I have posted below a story about Israelis wondering what the current and future unrest in Syria will mean for them.

Here is a bit that amazed and enraged me:

“On the bilateral front, it makes no difference who will be in power in Syria,” said Alon Liel, a former director general of Israel’s Foreign Ministry who heads a group advocating Israeli-Syrian peace. “No possible successor to Assad will give the Golan to Israel as a gift.”

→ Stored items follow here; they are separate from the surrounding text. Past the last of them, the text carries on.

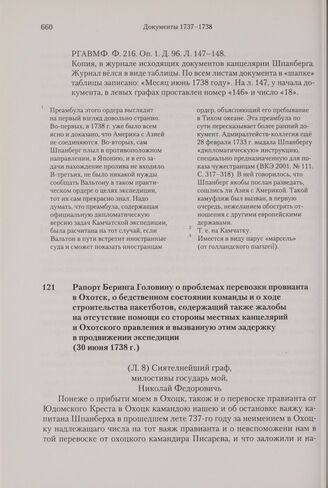 Рапорт Беринга Головину о проблемах перевозки провианта в Охотск, о бедственном состоянии команды и о ходе строительства пакетботов, содержащий также жалобы на отсутствие помощи со стороны местных канцелярий и Охотского правления и вызванную этим задержку в продвижении экспедиции. 30 июня 1738 г. // РГАВМФ. Ф. 230. Оп. 1. Д. 30. Л. 8-13. Экспедиция Беринга, 1941. С. 304-308; Русские экспедиции, 1984. № 109. С. 163.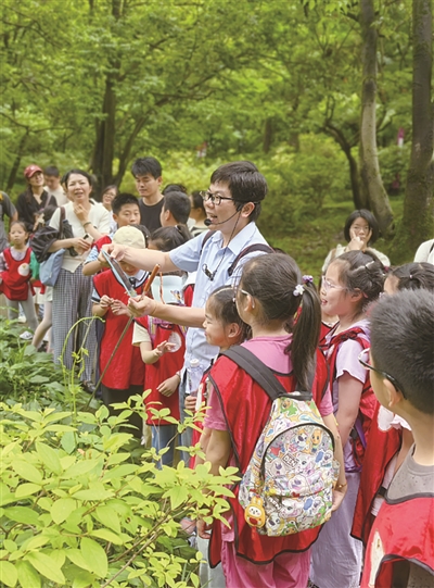 那里是杭州主城区内唯一的国家级森林公园,被誉为“杭州的后花园”。夏日来临,那里植被繁茂,山林滴翠。带领小记者的研学导师,是一位“杭州植物专家”,随便走到一片植被前,就能滔滔不绝地讲个不停,小记者们有任何关于植物的问题,在导师这里都能问到答案。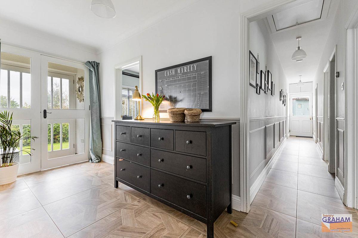 Glazed entrance door with glazed side panel. Tiled floor. Large storage cupboard with light. Double glazed door to driveway. Access to roofspace.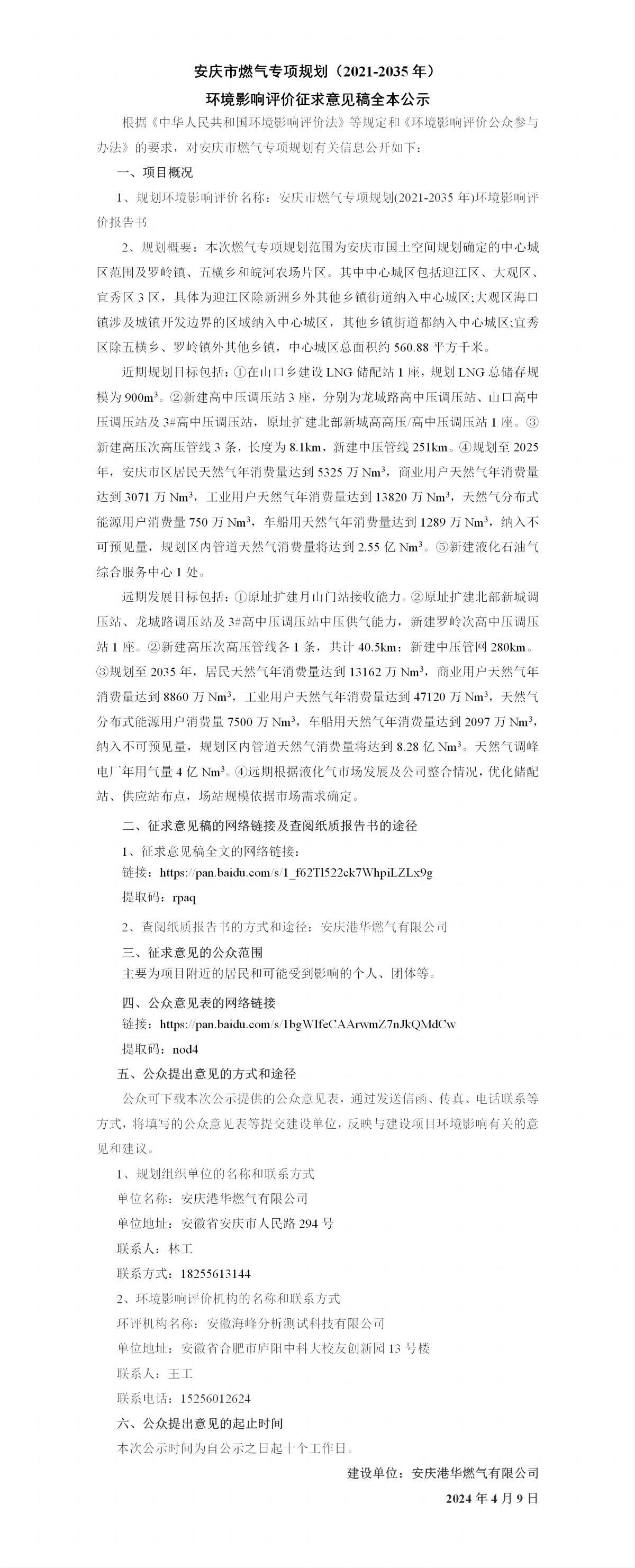 安慶市燃?xì)鈱m椧?guī)劃(2021-2035年)環(huán)境影響評價征求意見稿全本公示

Here is my comment on the comment by Alon Liel, "who heads a group advocating Israeli-Syrian peace" [which ought to be described as not "peace" but  a "peace treaty" which, in turn, is not a true "peace treaty" between parties both of which respect the notion of Pacta Sunt Servanda, but in the case of overwhelmingly Muslim Syria can ony be regarded as a "hudna" or truce treaty]:

This is a bizarre way of describing the situation. How can Syria "make a gift' of territory it no longer possesses? And what is the true history of the Golan? When the Mandate for Palestine was being created, it was the original intention of its creators, the League of Nations and, especially, the Mandates Commission under Professor Rappard, to assign the Golan Heights to the Mandate for Palestine. The Six Day-War began, actually, in mid-May, when Gamal Abdel Nasser demanded that the U.N. peacekeeping troops in the Sinai be removed by U Thant, so that the Egyptians could move their troops up to the border with Israel, and invade. Nasser also said he would be blocking the Straits of Tiran, thus throttling Israel's trade lifeline to Asia. He told hysterical Cairene crowds that soon Israel would be destroyed, and they could all look forward to that day. Syria, instead of standing back, decided to join Egypt in its planned aggression. When Israel won, by force of arms, the Golan Heights, it was winning territory to which it had not only a claim based on the original Mandate plans, but much more importantly, it had a claim based on customary international law to retain territory from which another party had made constant war upon it. And the constant shelling, or threat of shelling, by the Syrians, on the Jewish villages lying far below the Golan Heights, over many years, certainly met the criteria for such long aggression. But here is an Israeli talking about how no regime in Syria is going to "make a gift" of the Golan. Does that phrase come near to adequately stating the case? Or does it show a strange inability to make the case for Israel, and a willingness, perhaps prompted by a defeatism born of mental laziness, to make the case for a country that, as long as it remains overwhelmingly Arab and Muslim, will be a permanent enemy, rude, savage, not to trust, no matter what smiles and wiles and guiles are temporarily employed to inveigle Israel into giving up the Golan.